- What the task asks -
Leave out the pictures and give back all the entries exactly as written.

'''

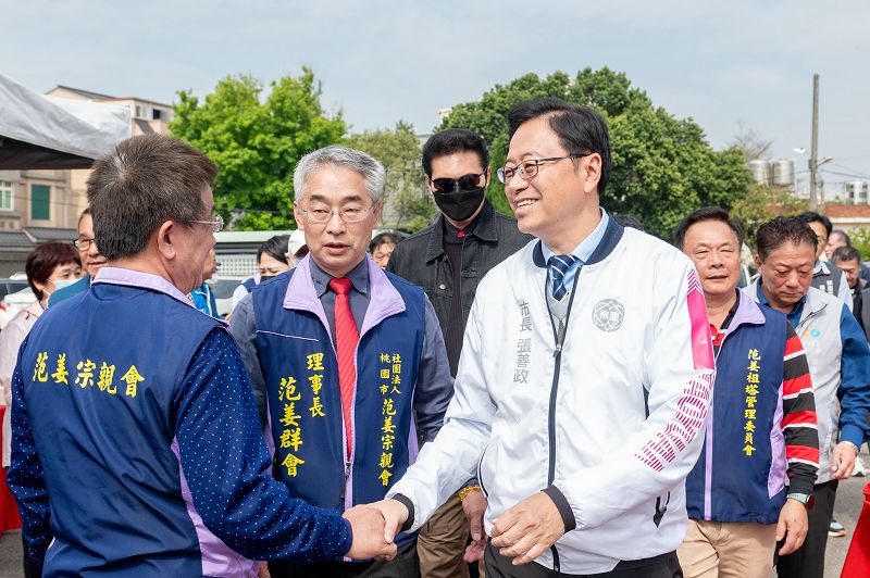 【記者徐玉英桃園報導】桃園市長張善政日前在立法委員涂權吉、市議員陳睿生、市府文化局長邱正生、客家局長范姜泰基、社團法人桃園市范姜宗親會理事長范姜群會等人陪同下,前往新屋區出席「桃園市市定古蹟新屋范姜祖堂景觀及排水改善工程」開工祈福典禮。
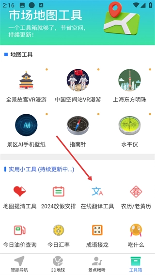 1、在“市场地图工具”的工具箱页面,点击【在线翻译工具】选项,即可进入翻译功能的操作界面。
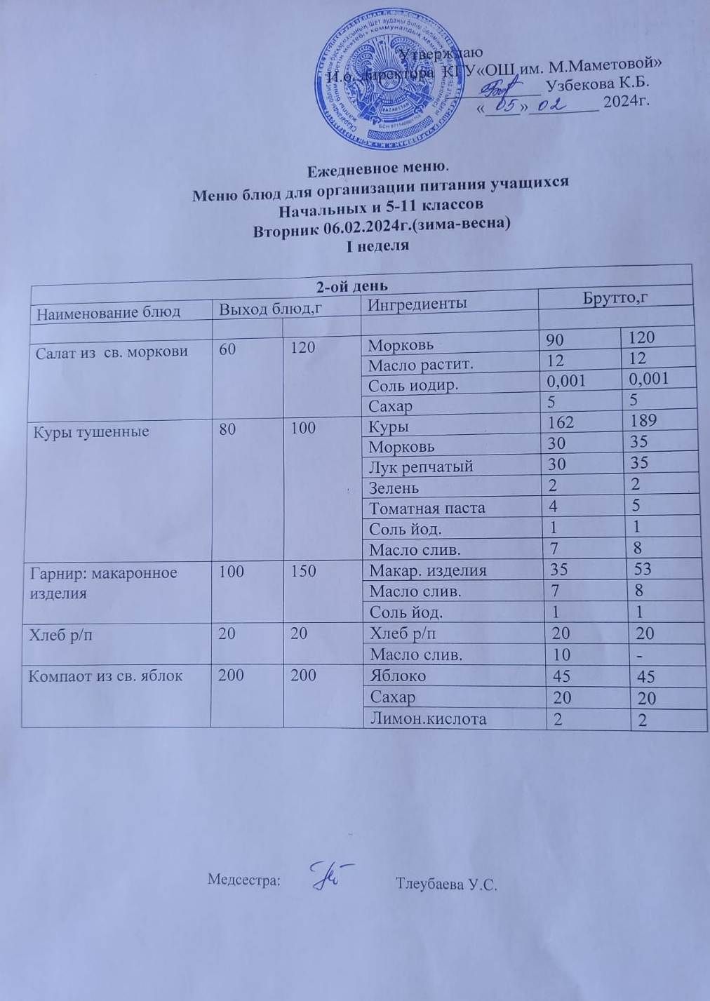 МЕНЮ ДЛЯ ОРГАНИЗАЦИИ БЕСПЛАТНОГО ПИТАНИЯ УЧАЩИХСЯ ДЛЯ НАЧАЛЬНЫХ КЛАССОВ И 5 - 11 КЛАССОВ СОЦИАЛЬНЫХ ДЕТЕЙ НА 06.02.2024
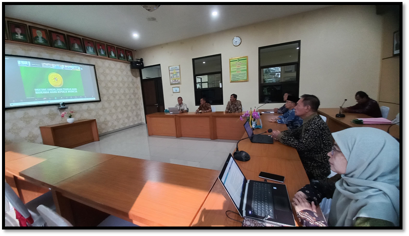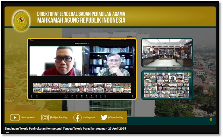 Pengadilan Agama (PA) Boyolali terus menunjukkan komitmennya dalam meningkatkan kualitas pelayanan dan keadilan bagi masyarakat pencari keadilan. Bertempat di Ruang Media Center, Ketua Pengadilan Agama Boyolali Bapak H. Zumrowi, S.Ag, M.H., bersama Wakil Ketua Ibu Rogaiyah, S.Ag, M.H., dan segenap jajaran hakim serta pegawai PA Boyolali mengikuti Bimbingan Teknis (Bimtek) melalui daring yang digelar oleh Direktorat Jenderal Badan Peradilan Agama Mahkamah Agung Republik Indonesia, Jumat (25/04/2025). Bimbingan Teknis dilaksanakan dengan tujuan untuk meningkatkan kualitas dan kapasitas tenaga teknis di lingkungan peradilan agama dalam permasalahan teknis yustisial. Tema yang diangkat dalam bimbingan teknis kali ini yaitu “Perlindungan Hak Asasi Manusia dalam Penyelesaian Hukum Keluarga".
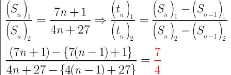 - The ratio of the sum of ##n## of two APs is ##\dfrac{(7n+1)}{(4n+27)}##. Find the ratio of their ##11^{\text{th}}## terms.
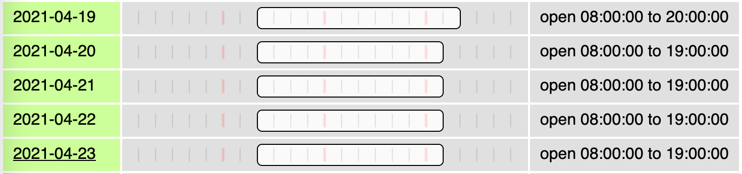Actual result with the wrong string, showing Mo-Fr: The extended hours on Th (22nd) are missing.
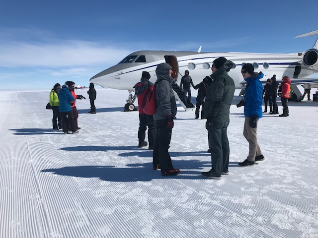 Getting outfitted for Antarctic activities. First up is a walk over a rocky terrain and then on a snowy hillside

'''

- Response below -
 【記者徐玉英桃園報導】桃園市長張善政日前在立法委員涂權吉、市議員陳睿生、市府文化局長邱正生、客家局長范姜泰基、社團法人桃園市范姜宗親會理事長范姜群會等人陪同下,前往新屋區出席「桃園市市定古蹟新屋范姜祖堂景觀及排水改善工程」開工祈福典禮。
 1、在“市场地图工具”的工具箱页面,点击【在线翻译工具】选项,即可进入翻译功能的操作界面。
 МЕНЮ ДЛЯ ОРГАНИЗАЦИИ БЕСПЛАТНОГО ПИТАНИЯ УЧАЩИХСЯ ДЛЯ НАЧАЛЬНЫХ КЛАССОВ И 5 - 11 КЛАССОВ СОЦИАЛЬНЫХ ДЕТЕЙ НА 06.02.2024
 Pengadilan Agama (PA) Boyolali terus menunjukkan komitmennya dalam meningkatkan kualitas pelayanan dan keadilan bagi masyarakat pencari keadilan. Bertempat di Ruang Media Center, Ketua Pengadilan Agama Boyolali Bapak H. Zumrowi, S.Ag, M.H., bersama Wakil Ketua Ibu Rogaiyah, S.Ag, M.H., dan segenap jajaran hakim serta pegawai PA Boyolali mengikuti Bimbingan Teknis (Bimtek) melalui daring yang digelar oleh Direktorat Jenderal Badan Peradilan Agama Mahkamah Agung Republik Indonesia, Jumat (25/04/2025). Bimbingan Teknis dilaksanakan dengan tujuan untuk meningkatkan kualitas dan kapasitas tenaga teknis di lingkungan peradilan agama dalam permasalahan teknis yustisial. Tema yang diangkat dalam bimbingan teknis kali ini yaitu “Perlindungan Hak Asasi Manusia dalam Penyelesaian Hukum Keluarga".
 - The ratio of the sum of ##n## of two APs is ##\dfrac{(7n+1)}{(4n+27)}##. Find the ratio of their ##11^{\text{th}}## terms.
Actual result with the wrong string, showing Mo-Fr: The extended hours on Th (22nd) are missing.
 Getting outfitted for Antarctic activities. First up is a walk over a rocky terrain and then on a snowy hillside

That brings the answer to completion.